9:15am – 10:15am – English class with my favorite teacher in the school – Mila, the bilingual coordinator. The students’ behavior is markedly different in her class. They are quiet, respectful, and attentive, even though I have to work a little to get their energy level up. Today, we discuss adjectives. I write various adjectives on the board and call on students to guess what they mean. Afterwards, I ask the students to write down 3 adjectives that describe themselves, and we go around sharing all the answers. There are some creative and some downright hilarious responses. This is one of the few classes where I truly get to engage with the students, and I think they enjoy the interaction as much as I do.
10:15 – 11:35am – No class until later, so I lounge in the sala de profes, chatting with some of the teachers, or prepping for tomorrow’s classes.
|The bilingual teachers have a meeting in club Profe. From L to R: Enrique (Quique), Luis, Paco Serrano, Meritxell, Mila.|
11:35am – 12:35pm – PE with the first years. A listening exercise for today. I read a text about juggling, which explains the history of the sport and some different methods, using simple English terms. After I finish the reading I ask the students prepared questions based on the text to assess their level of listening comprehension.
12:35 – 1:35pm – Done for the day! I make the 15-20 minute walk down the street, across a ravine, up a hill, across an overpass, and along the side of the highway to catch my bus. On the ride home, I study my Spanish dictionary, read, or make notes about today’s class.
|after-school commute – crossing the ravine|
|after-school commute – on the overpass|
11:30am – It’s Friday! Well, at least for me. It’s my last day of classes for the week. I arrive at the school just in time for my first of 2 math classes.
11:35am – 1:45pm – Back-to-back math classes with the 1st and 2nd year students. I already hate math. So having to ‘teach’ it in English to non-English speakers is not exactly my favorite activity. The profe usually has me work with the students using a prepared handout of exercises. I explain the instructions in English and help the students use English to read the equations and explain their solutions. Most of the time, it goes well, but there are some differences in the way math is done/taught in Spain (commas instead of decimals, methods for division, etc.) that leave me scratching my head. The math profe usually reverts to speaking completely in Spanish (an absolute no-no in my other classes) before the end of the class, so am I often left smiling and pointing like a mute game show host while secretly counting the seconds until class is over. Did I mention that I hate math?

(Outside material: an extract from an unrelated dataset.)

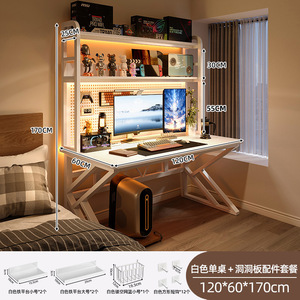 台式电脑桌卧室家用书桌书架一体桌子办公桌洞洞板电竞桌椅套装

|but when it’s one of the students’ birthday, they do this – which makes math less awful.|
1:45 – 2:45pm – History and geography with the 3rd year students. A cool class since the students are older, and we often get into some pretty deep conversations. Today’s topic: globalization. I lead the students in a brief discussion on how we have all been impacted by globalization. I ask them for examples of music, food, clothing, and TV programs that they like but are not from Spain. Then we do some reading and translation, and finally finish with a video that I found on the topic. The students give a huge round of applause after the video, and I spend the last few minutes of class having them share their opinions on why they think globalization is good or bad. When the bell rings, I get the feeling that all of us are sad that class is over.
Well, maybe not too sad.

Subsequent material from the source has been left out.